▸ Data records:
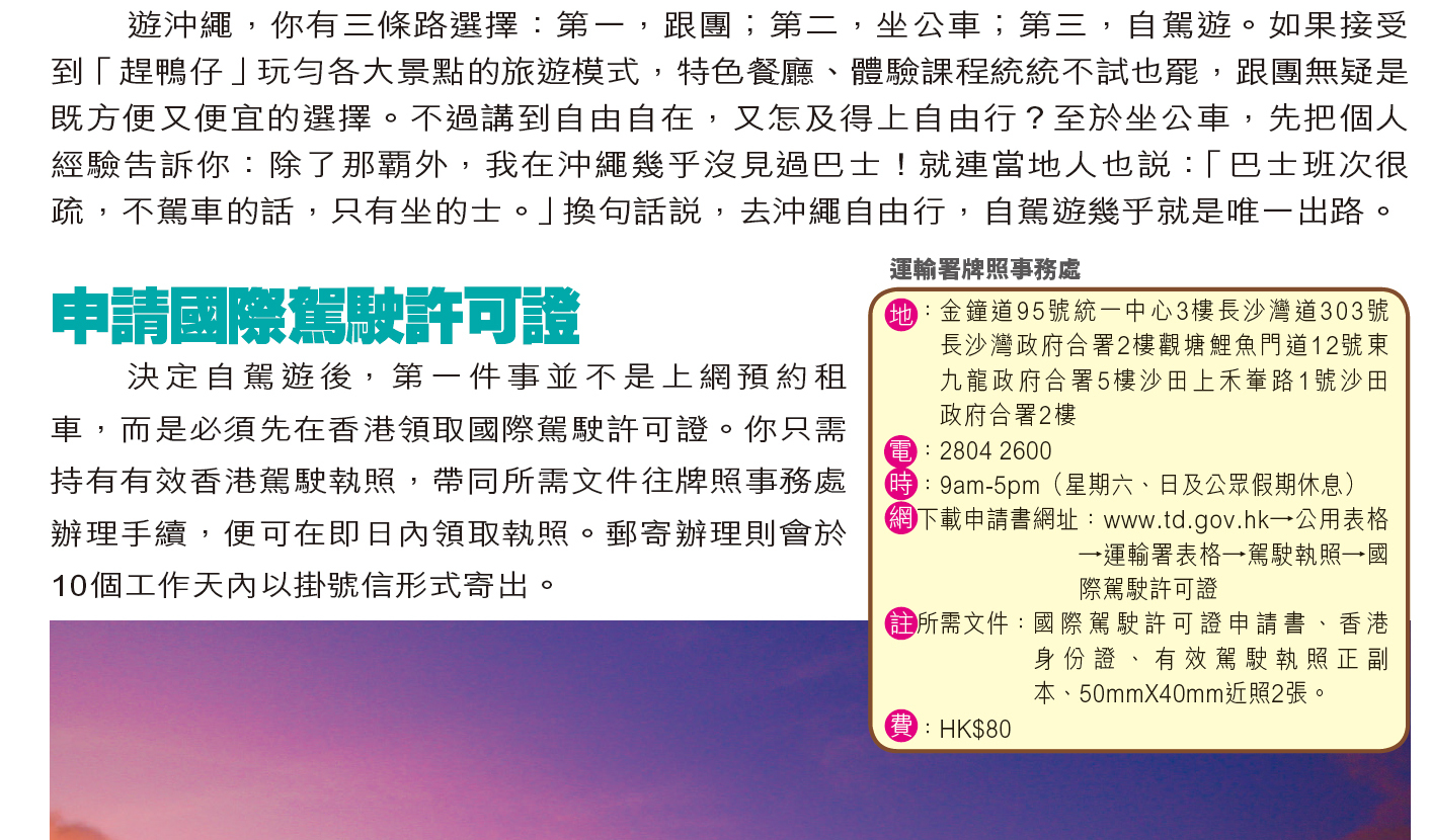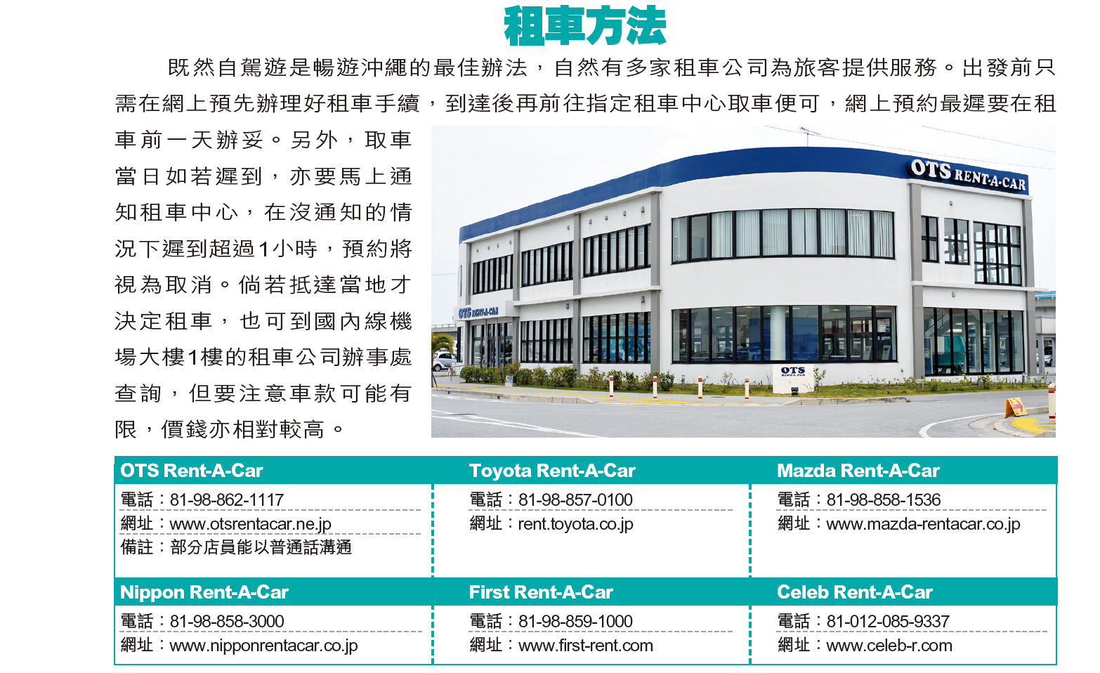 遊沖繩,你有三條路選擇:第一,跟團;第二,坐公車;第三,自駕遊。如果接受到「趕鴨仔」玩勻各大景點的旅遊模式,特色餐廳、體驗課程統統不試也罷,跟團無疑是既方便又便宜的選擇。不過講到自由自在,又怎及得上自由行?
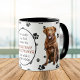 Um lindo Cachorro do Retriever da Baía Chesapeake fica em dois lados desta caneca. O texto entre as duas imagens diz "No dia 8, Deus criou o RETRIEVER CHESAPEAKE BAY e o chamou de MUITO BOM". As imagens do cão e o banner branco oval que contém os campos de texto são colocados sobre um fundo branco com impressões de pata preta.
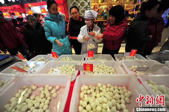 2月11日,沈阳一家商场顾客正在采购元宵。中新社发 于海洋 摄
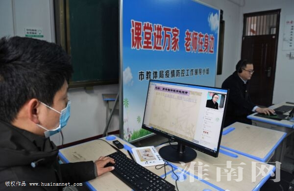 圖四:2020年1月31日,安徽淮南市空中課堂開(kāi)課,來(lái)自淮南市60名優(yōu)秀教師通過(guò)淮南市教師進(jìn)修學(xué)校網(wǎng)絡(luò)空間教室為近5萬(wàn)名初三、高三學(xué)生提供132節(jié)在線課程。陳彬攝
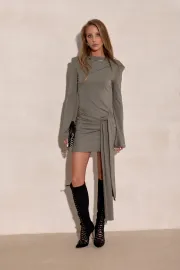 • Nevira – brązowa mini sukienka z drapowaniem i wiązaniem
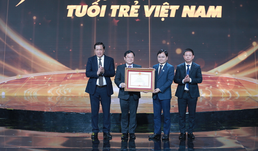 Thường trực Ban Bí thư Võ Văn Thưởng và Bí thư thứ nhất Trung ương Đoàn Nguyễn Anh Tuấn trao Bằng khen của Thủ tướng Chính phủ và cúp cho các gương mặt trẻ Việt Nam tiêu biểu 2020
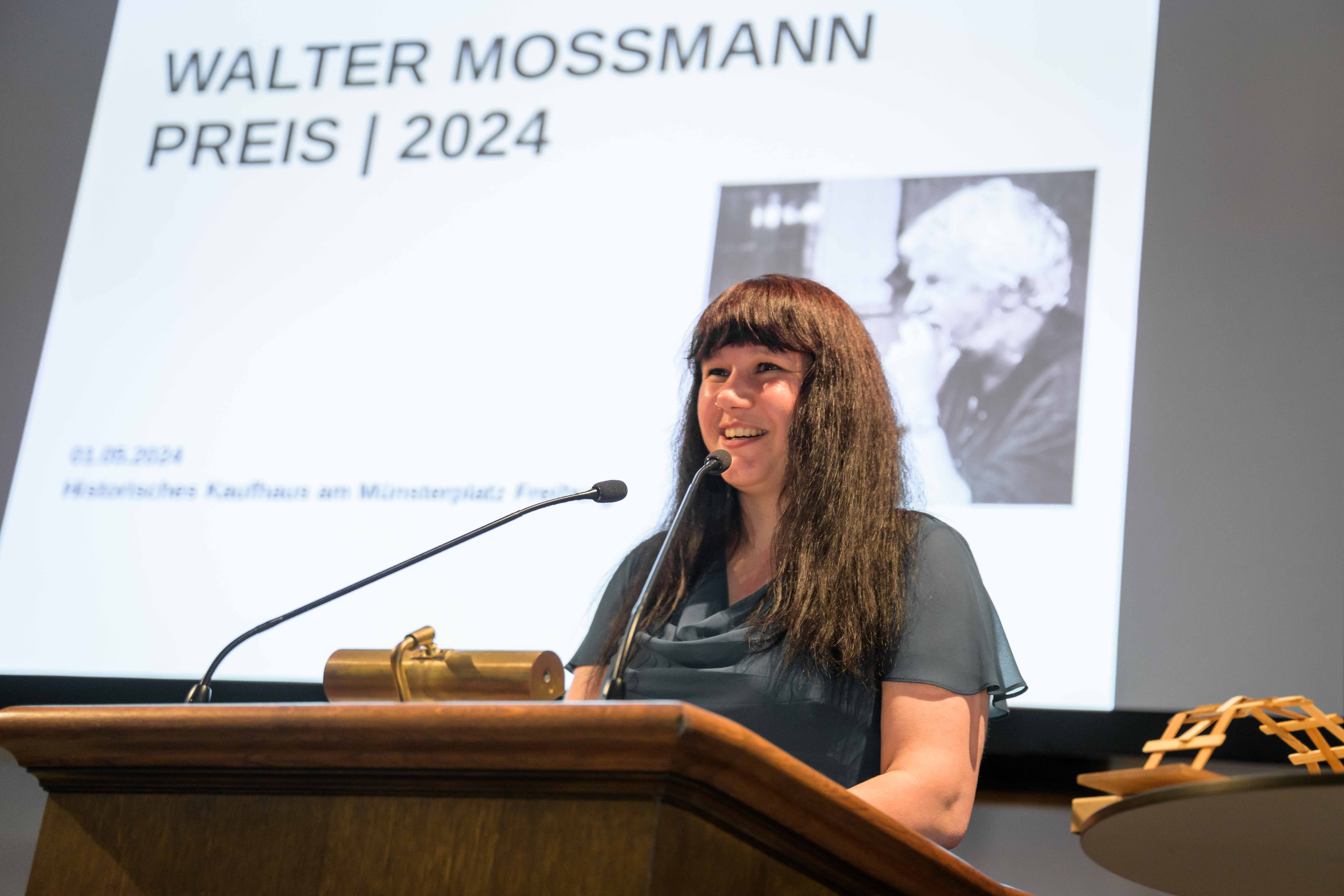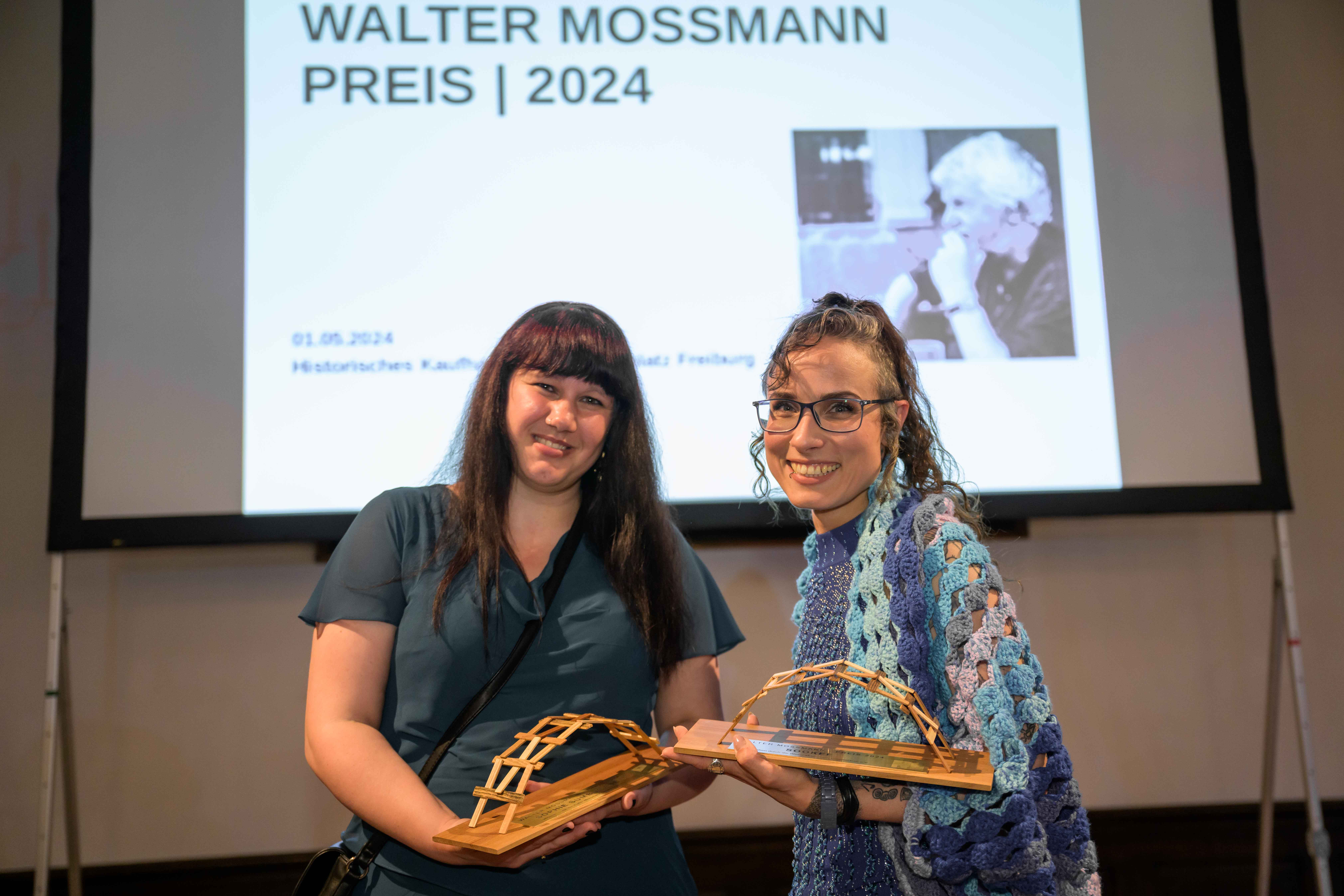 Die Walter Mossmann Gesellschaft konnte – mit Unterstützung der Stadt Freiburg – am 1. Mai 2024 erstmals den Walter Mossmann-Preis vergeben. Die Wahl des siebenköpfigen Kuratoriums fiel auf SOPHIE SUMBURANE, Autorin und Aktivistin, Potsdam und SOOKEE, politische Musikerin, Berlin. Die Preisverleihung fand im Historischen Kaufhaus der Stadt Freiburg statt.
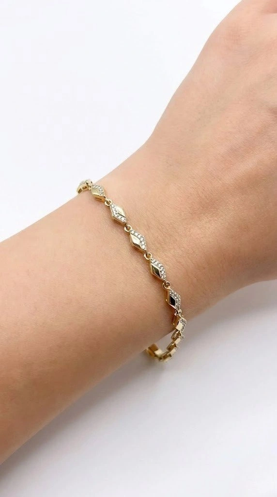 Baklava Model Taş Detay Gold Altın Kaplama Bileklik
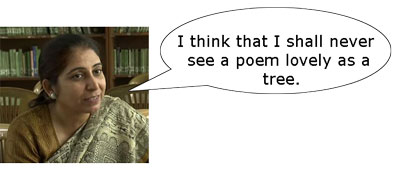 I tried asking my students some simple questions about their lives, but they couldn’t answer me. So I realised that I had to start at the beginning. The best way that I could think of to get them used to practise speaking English was by reading out loud. The easiest texts to use are from lessons from the text book, so I decided to make a start with the very next lesson – a poem from Chapter 8 of the NCERT Class IX textbook Beehive: ‘Trees’, by Joyce Kilmer:
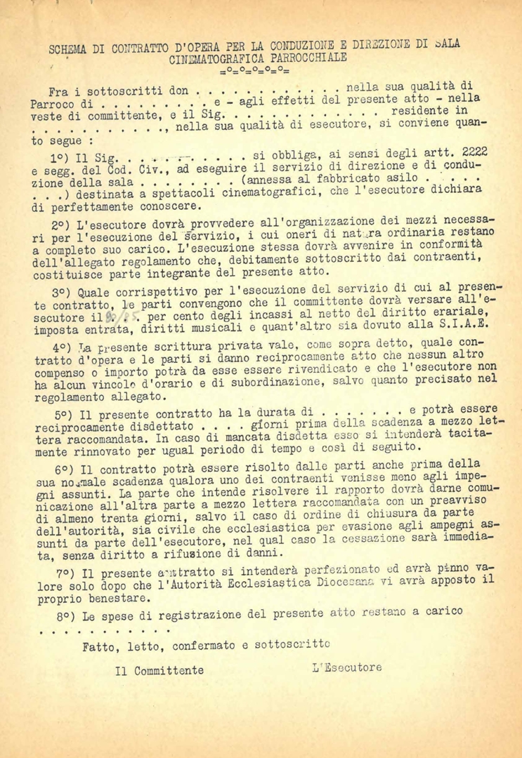 "Schema di contratto d'opera per la conduzione e direzione di sala cinematografica parrocchiale"
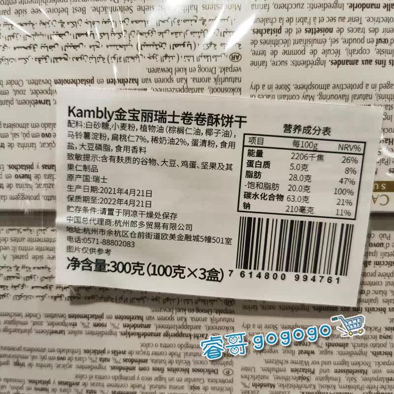 Kambly Kambly Swiss Roll Cookies 300g imported casual snacks snack Shanghai costco
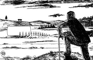 Huyó despavorido mientras aquellos seres continuaban persiguiéndolo… Tras tres kilómetros alcanzó el pueblo, los seres habían desaparecido… Los co-propietarios del melonar, los Chícharos, sin dudar del relato de Juan se desplazaron armados hasta el pozo artesiano… allí sólo quedaban las mudas pisadas de un ejercito de diminutos pies…
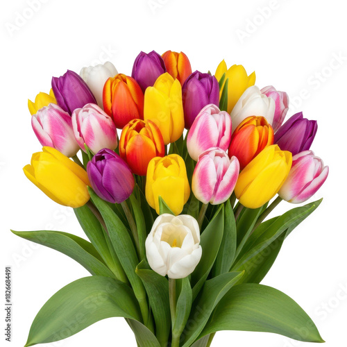 Vibrant Bouquet of Tulips: A captivating arrangement of multicolored tulips, showcasing a spectrum of hues and celebrating the beauty of spring.
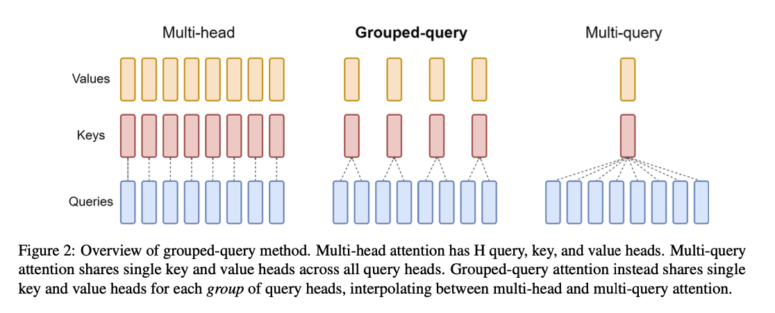 - 메모리 효율성 및 속도 향상: Key-Value 헤드의 수를 줄임으로써 메모리 사용량과 계산 복잡도를 모두 감소시킵니다. 이는 MQA와 유사하게 빠른 추론 속도로 이어집니다.

▸ Task item: Although pictures appear among the records above, write out exactly only the lines from the one that has "Die Walter Mossmann" through the one that has "Baklava Model Taş", and leave the pictures out.

▸ Reply to the task:
 Die Walter Mossmann Gesellschaft konnte – mit Unterstützung der Stadt Freiburg – am 1. Mai 2024 erstmals den Walter Mossmann-Preis vergeben. Die Wahl des siebenköpfigen Kuratoriums fiel auf SOPHIE SUMBURANE, Autorin und Aktivistin, Potsdam und SOOKEE, politische Musikerin, Berlin. Die Preisverleihung fand im Historischen Kaufhaus der Stadt Freiburg statt.
 Baklava Model Taş Detay Gold Altın Kaplama Bileklik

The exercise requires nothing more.